Instructions for the task:
Beginning with the line that holds "为宣传普及心理健康教育知识,引导学生树立", output every remaining line of the material below exactly, and include none of the pictures.
___ Data segment ___
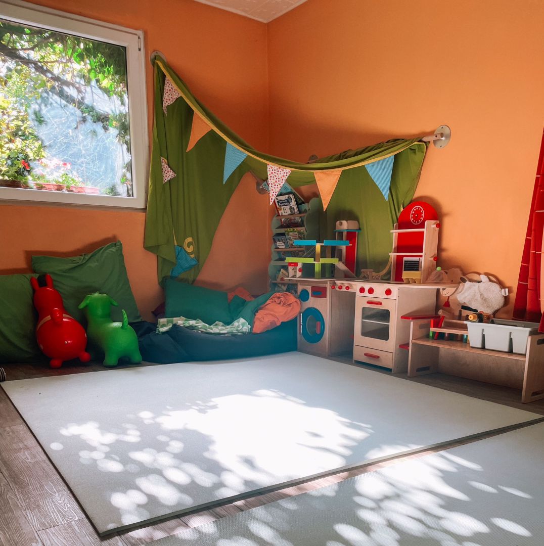 Ein großes Spielzimmer, ein Schlafraum und ein eingezäunter Garten warten auf die Kinder.
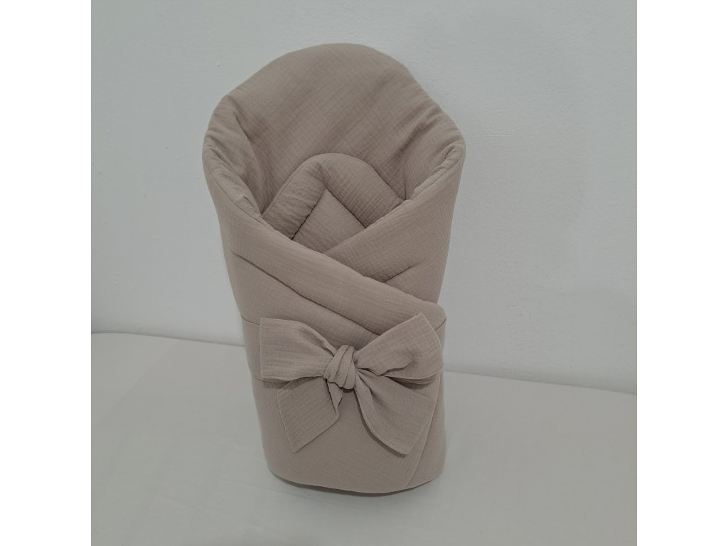 Mušelínová rychlozavinovačka s mašlí pro bezpečné zavinutí miminka.
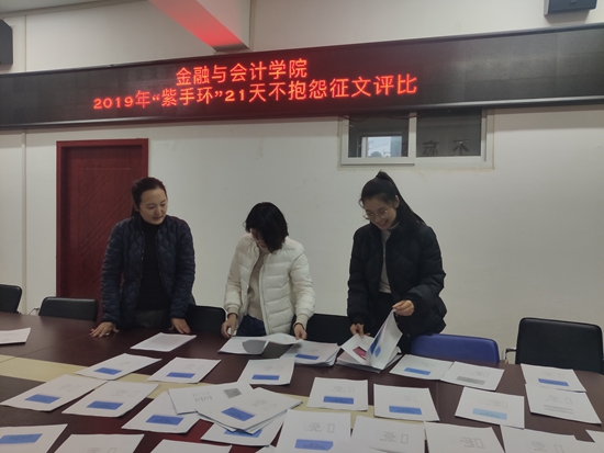 为宣传普及心理健康教育知识,引导学生树立正确的心理健康观念,我院于11月18日下午在SY5412会议室举办“紫手环,21天不抱怨”心理健康主题征文评选活动。分团委书记马峥、辅导员闫艳、魏晓慧担任本次评选活动评委。
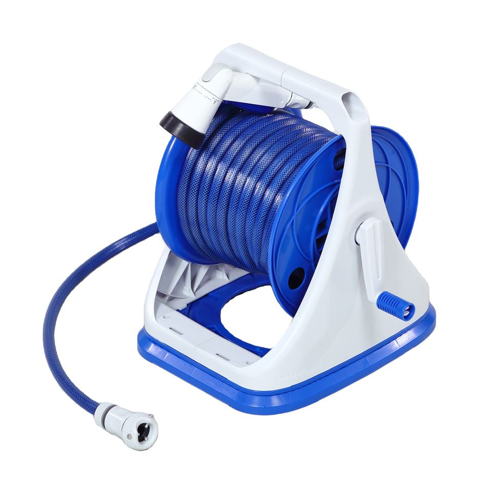 รีลท่อส่งน้ำแบบพกพา20เมตรแบบแมนนวลฐานหมุนปรับ5L ความจุสำหรับล้างรถทำสวน-สีเขียว
___
Response to this exercise:
 为宣传普及心理健康教育知识,引导学生树立正确的心理健康观念,我院于11月18日下午在SY5412会议室举办“紫手环,21天不抱怨”心理健康主题征文评选活动。分团委书记马峥、辅导员闫艳、魏晓慧担任本次评选活动评委。
 รีลท่อส่งน้ำแบบพกพา20เมตรแบบแมนนวลฐานหมุนปรับ5L ความจุสำหรับล้างรถทำสวน-สีเขียว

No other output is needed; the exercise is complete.